For a start, if young people don’t believe they’ll meet Jesus at church, then it’s a fairly restrictive place for us to base ourselves as youth leaders. Instead we should be investing our time in the spaces that they occupy every day, from schools to town centres to online gaming worlds, and seeking to illuminate and explore how God is present in those places. The end game of evangelical youth ministry has long been to get young people from the schools and the street corners (both real and virtual), and into the church. What if, in fact, we should have been trying all along to turn those settings into sacred spaces or, more accurately, to demonstrate to young people that every space is already sacred?

Even more significantly, this idea emphasises a mindset shift that many have already begun to make: that youth ministry isn’t so much about targeting, strategising and executing the evangelism and discipleship of teenagers, but simply joining in with what God is already doing among the young people of our communities. So many of us feel the pressure - partly because it’s coming from those above us in the church food chain - to make things happen, even though our theology tells us that it’s God who changes hearts. What might happen if we all relaxed a bit and saw our role as just looking out for where God is at work in the lives of teenagers, and offering a helping hand?

EXTRAORDINARY POSSIBILITIES

Of course that’s all deeply challenging and conflicting to those of us who’ve grown up with the soul-winning, Bible-quoting, spirit-filling approach to youth work. And I’m not in any way suggesting it’s time to throw away all or any of those things. Jesus calls us to make disciples (Matthew 28:19), and that they should be part of his church (John 13:35), receive his Spirit (John 16:7) and importantly turn from sin toward repentance (Matthew 4:17). But perhaps that’s not the place to start if we want to make sense of these statistics and begin to engage with ten times the number of teenagers we currently do.
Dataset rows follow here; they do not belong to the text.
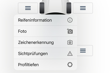 Tippen Sie auf das Kamera-Symbol, um direkt zu den aufgenommenen Bildern innerhalb des Bereichs „Reifeninformation“ zu gelangen.
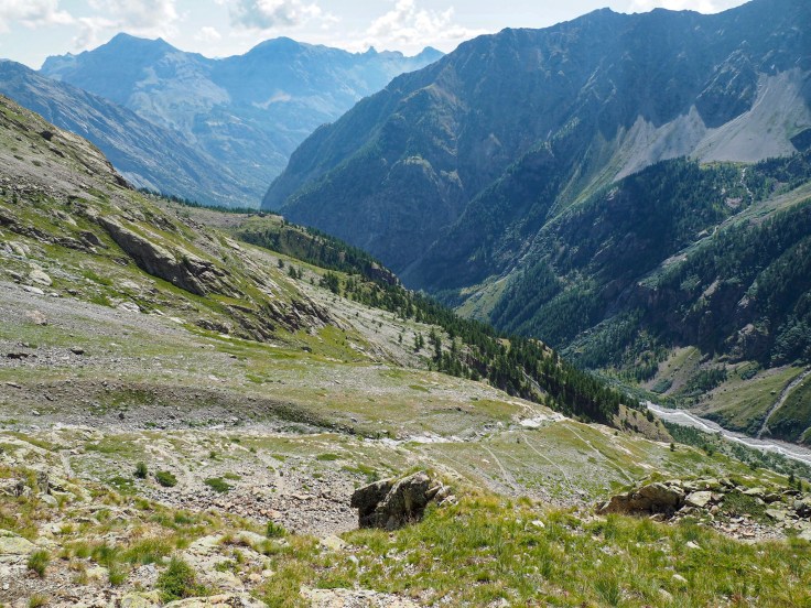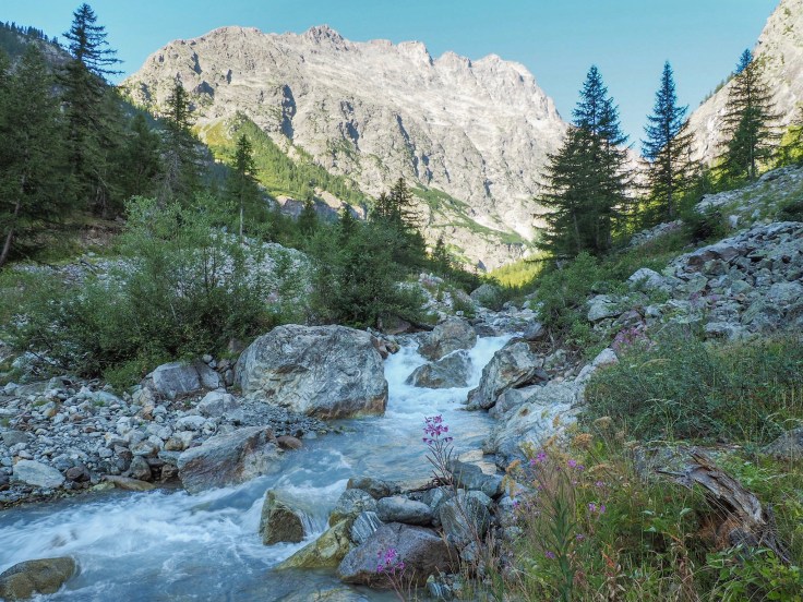 The path up the Vallon de la Sele starts gradually uphill through the forest, along the Celse Niere torrent. It was shady at this point, and nice and cool. However, after about 40 minutes we emerged from the trees into a more rocky landscape, where it was hotter, even though it was still early in the morning. There were wild raspberries, bilberries and juniper growing alongside the path.
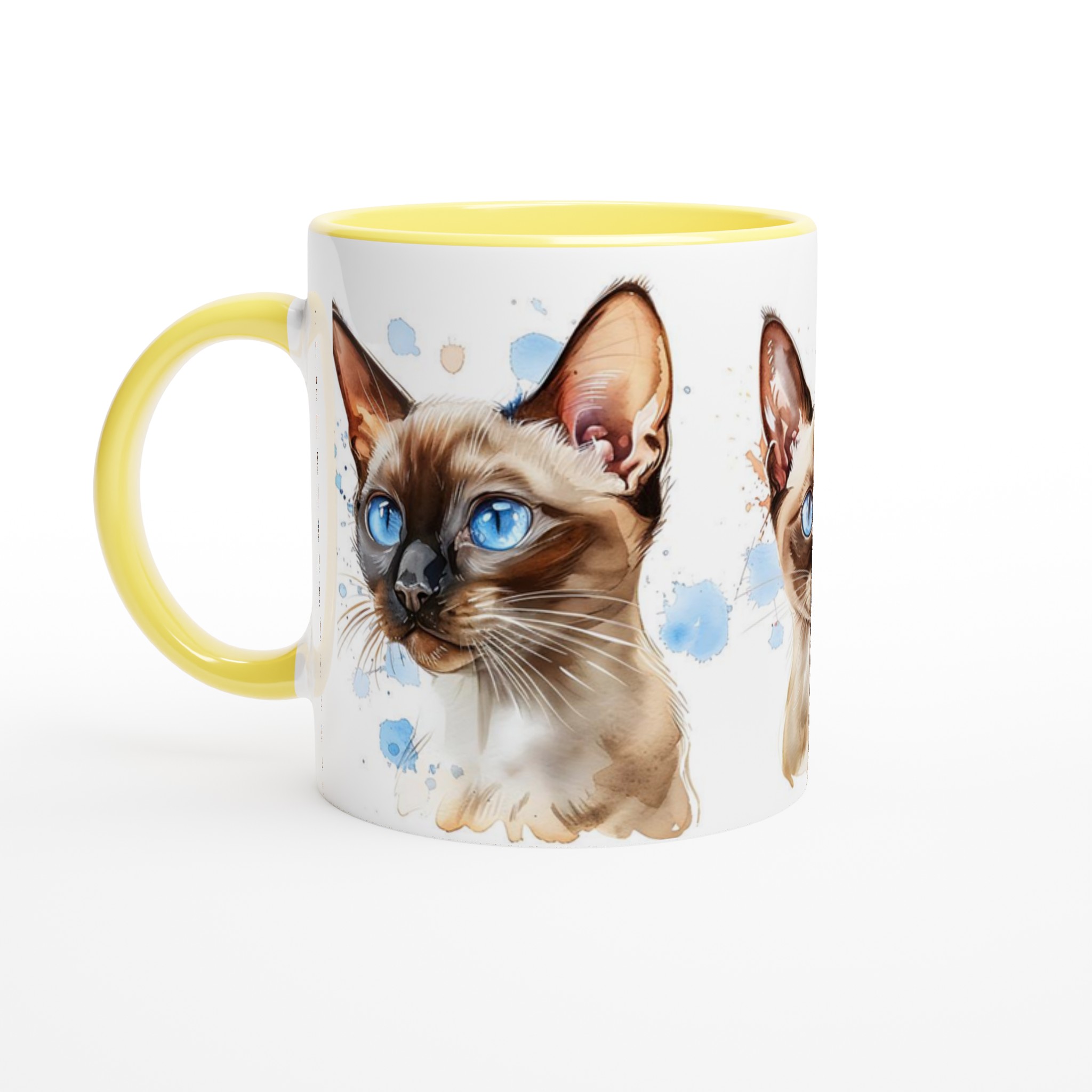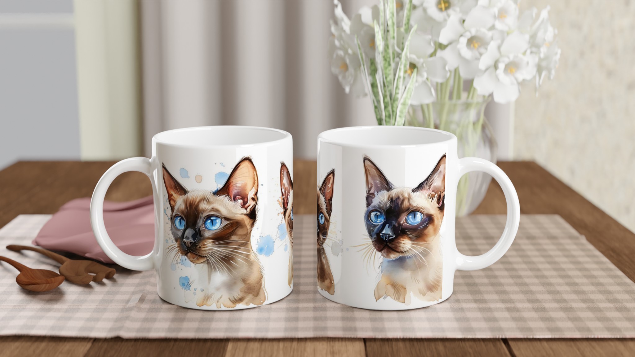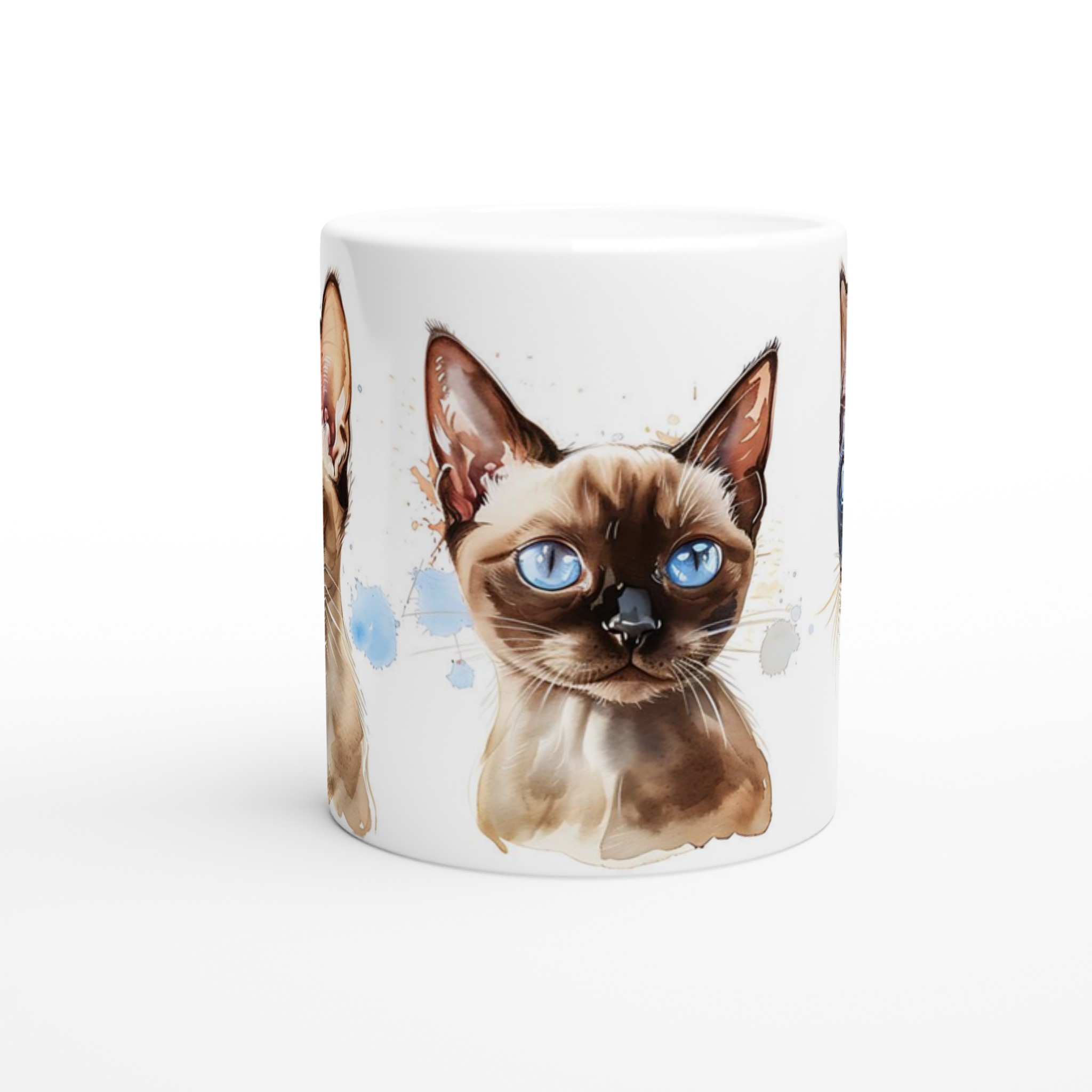 Låt dig förtrollas av de bedårande siameskatterna på denna charmiga keramiska mugg, fångade i en livfull akvarellstil med sina distinkta blå ögon och eleganta teckning. Denna stilrena keramiska mugg blir snabbt en vardagsfavorit. Perfekt för morgonkaffet, kvällens varma choklad eller när du bara vill njuta av en kopp te. Den blanka vita ytan gör att trycken framhävs med klara och levande färger, som håller sig fina även efter många turer i mikron och diskmaskinen.
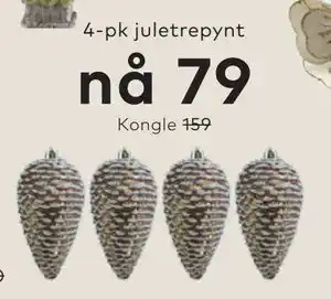 Nå på tilbud hos Skeidar: 4-pk juletrepynt. Kongle ✅ Gyldig fra 3-12 til 24-12.
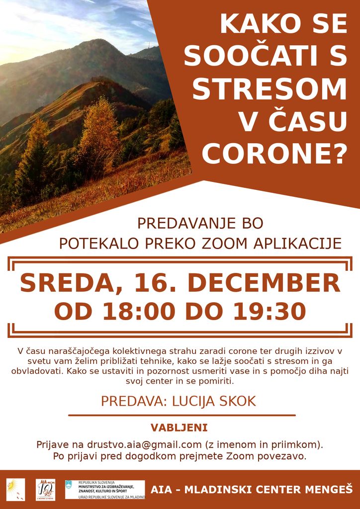 Predavanje bo izkustveno naravnano in skupaj bomo naredili tudi določene tehnike za obvladovanja stresa.
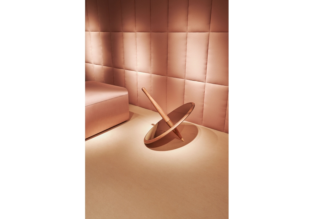 Peonza Spinning Top diseñado por Stefano Bigi para Nomon es un espejo de pie con estructura en nogal y fresno natural, acabado espejo en tono bronce y detalles en latón pulido.
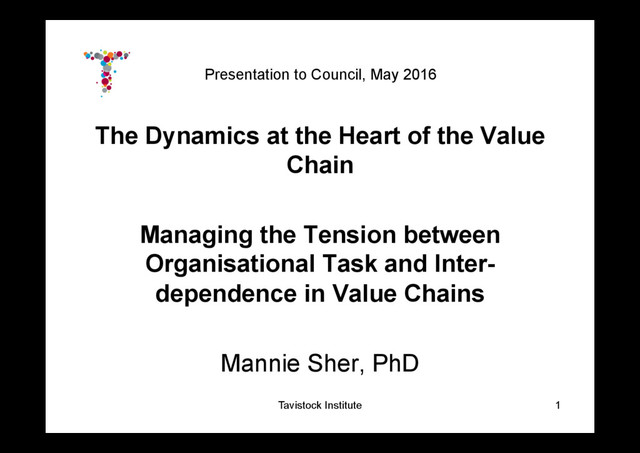 through which the product moves have boundaries that encompass professionals, work activities and supplier/customer organisations. • Organisations and companies in the value chain have to rely on the skill, experience and integrity of their professionals to do what is necessary; • Profes-sionals have to loosen their commitment to their employing companies as they work together in cross-company teams to strengthen each other’s companies in the value chain. • These inter-dependencies give rise to fears of loss of loyalty, dilution of resource availability as employees identify with the organisations to which they are seconded or with which they work closely. • Implicit in the manufacturer-supplier and in the manufacturer-customer relationship is the possibility of failure, with corresponding anxieties, conscious or unconscious, that the supplier’s and the customer’s problems may be disruptive or the manufacturer’s skills may be inadequate. • The more there is at stake, the more intense the confused and ambivalent feelings associated with the inter-dependence in the value chain are likely to be. Tavistock Institute 23

If these young people exist - and I accept it’s a big ‘if’ - then I’m still feeling evangelical enough to believe that they need our help. They’ve got a part of the picture, but there’s much more to offer them: the liberation that comes from embracing both forgiveness and repentance; the Holy Spirit and his gifts; the richness of scripture and the power of spiritual disciplines. But I want to suggest we put the brakes on all of that. Initially, our role would simply be to join the dots for these young people - to help them understand (as crazy as this may sound) that the Jesus they’ve met in the silence of their bedrooms is the same Jesus we talk about in the Christian Church.

What if this generation’s definition of ‘following Jesus’ is different from ours?

In the Gospels, Jesus started simply with a call to his first followers, which was always along the lines of: “Come, follow me.” This research might make no sense, but perhaps if we interpret it through that lens, it starts to reveal something different. What if God is at work in the lives of hundreds of thousands of teenagers, right across the UK and beyond, quietly whispering those words, and gently enticing their hearts towards him? It might be a deeply uncomfortable challenge to evangelical youth work, but what if a very different kind of revival - more spiritual awakening than rallying movement - is taking place right under our noses? I don’t know if I believe that’s really happening, but if it is, the possibilities for the next ten years of Christian youth work are extraordinary, and endless.